Безоглядная щедрость, с которой Маяковский удовлетворяет детскую жажду познания, имеет свою теневую сторону. При такой установке на познавательную насыщенность мудрено избежать рационалистической опасности, и поэт вынужден платить ей дань. Романтизм, пуще смерти боящийся обвинения в рационализме, вообще очень легко дает основания для таких обвинений.
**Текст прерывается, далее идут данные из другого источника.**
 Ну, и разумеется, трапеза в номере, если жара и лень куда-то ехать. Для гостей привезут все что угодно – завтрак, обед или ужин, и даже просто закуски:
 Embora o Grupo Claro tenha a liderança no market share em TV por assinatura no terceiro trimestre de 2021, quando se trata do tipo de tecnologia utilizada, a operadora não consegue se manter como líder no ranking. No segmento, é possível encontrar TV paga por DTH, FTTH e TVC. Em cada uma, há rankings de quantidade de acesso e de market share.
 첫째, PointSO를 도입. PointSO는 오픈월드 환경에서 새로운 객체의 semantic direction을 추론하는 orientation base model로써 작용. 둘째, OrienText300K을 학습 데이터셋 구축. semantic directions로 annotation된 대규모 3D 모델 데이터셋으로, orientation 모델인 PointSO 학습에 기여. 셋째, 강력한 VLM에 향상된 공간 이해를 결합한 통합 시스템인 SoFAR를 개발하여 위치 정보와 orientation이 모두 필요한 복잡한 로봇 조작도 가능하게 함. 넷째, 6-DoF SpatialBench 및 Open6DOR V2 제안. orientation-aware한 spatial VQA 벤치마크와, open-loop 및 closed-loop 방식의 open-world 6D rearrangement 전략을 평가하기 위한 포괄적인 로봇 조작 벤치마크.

Стихи Маяковского для детей тоже не чужды рационалистичности, и напряженная раскованность поэтической речи в сказке о Пете и Симе не может скрыть плакатную четкость противопоставлений, линейность характеристик, преобладание доказательности над изобразительностью.
Может показаться, будто стремление Маяковского накопить и исчерпать полный состав частей своей темы сродни кумулятивности народной сказки. Если это кумулятивность, то уж очень своеобразная, далекая от фольклорной. В фольклоре кумулятивность — один из двигателей сказочного сюжета: повторяемость идет с нарастанием, накопление однородных эпизодов приводит к очередному повороту в судьбе героя, количество эпизодов переходит в новое качество повествования. У Маяковского этого нет: эпизоды равноценны и вытянуты в линию. Накопление эпизодов переливается прямо в нравственный или иной вывод. Это кумулятивность публицистической, агитационной речи и желание всеохватно воспитать, энциклопедически обучить маленького человека, у которого «растут года».
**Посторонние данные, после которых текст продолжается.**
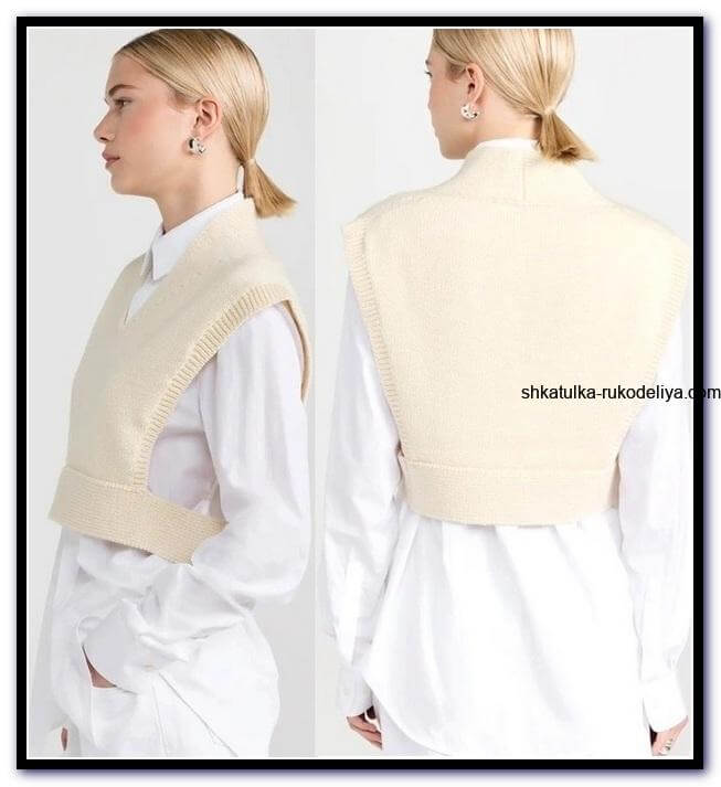 в'язання спицями, жилет, безрукавка, схема, жіноча, коротка, молочного кольору, оверсайз, стильна, модна

В сказке о Пете и Симе противопоставление персонажей, разведенных по разным главкам, выражено столь резко, что подавляет сюжет, его повествовательно-приключенческие притязания. Нигде, ни в едином эпизоде сюжет не сталкивает Петю с Симой впрямую, лицом к лицу. Их столкновение определено не сюжетными, а идеологическими обстоятельствами, и каждый раз опосредованно. В качестве посредника выступают живые существа, предметы и понятия: щенок, которого Петя бьет и гонит, а Сима ласкает и кормит; пища, извергнутая одним и доставшаяся другому; нравственные категории, трактуемые Петей и Симой по-разному. Персонажи противопоставлены не столько движением сюжета, сколько статически — тем фактом, что Петя такой, а Сима — вот такой. Эпизоды жизни одного не пересекаются в пространстве сказки эпизодами жизни другого, но образуют соположенные ряды, как на плакатах «Окон РОСТА».
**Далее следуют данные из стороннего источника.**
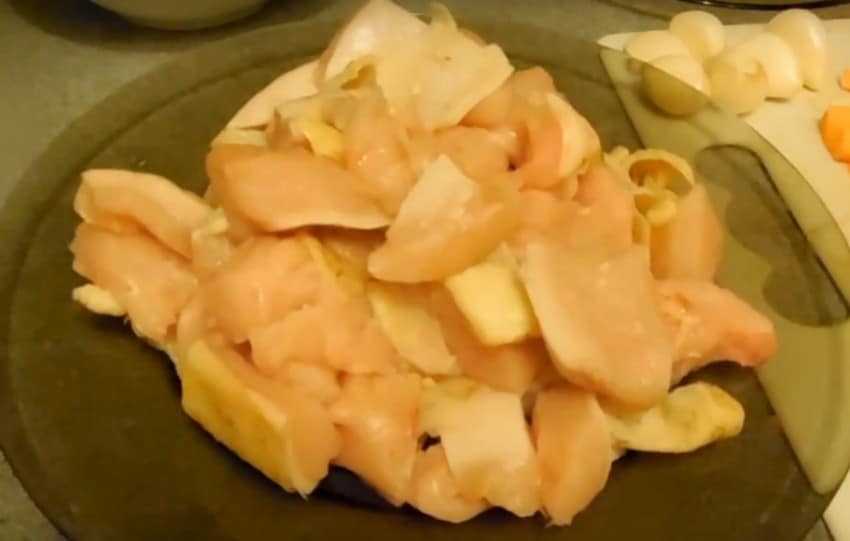 - Мясо ополоснуть, очистить по желанию от жира, нарезать ломтиками.

Переключения действия Маяковский передает фольклорным оборотом «сказка сказкою, а…», но художественная, жанровая суть этих переключений принадлежит скорее не сказке, а роману — наиболее всеохватной форме из всех, какими располагает современная литература. В сказке о Пете и Симе страсть поэта к всеохватности вылилась, помимо прочего, стремлением как можно полнее освоить опыт всей предшествующей детской литературы, переписать ее по-своему, переспорить ее.
Сказка о Пете и Симе насыщена реминисценциями, заимствованиями, «чужими голосами», и почти все, писавшие о ней, отмечали это обстоятельство, приводя более или менее убедительные примеры соответствий между отдельными фрагментами первого произведения Маяковского для детей и работами его предшественников. Эта особенность сказки была порождена, надо полагать, еще и тем, что Маяковский ощущал новизну неосвоенного жанра. Естественно, возникала задача: вобрать, освоить и перевоплотить традицию, установить связь своего художественного языка — по сходству или по контрасту — с языком предшествующей культуры.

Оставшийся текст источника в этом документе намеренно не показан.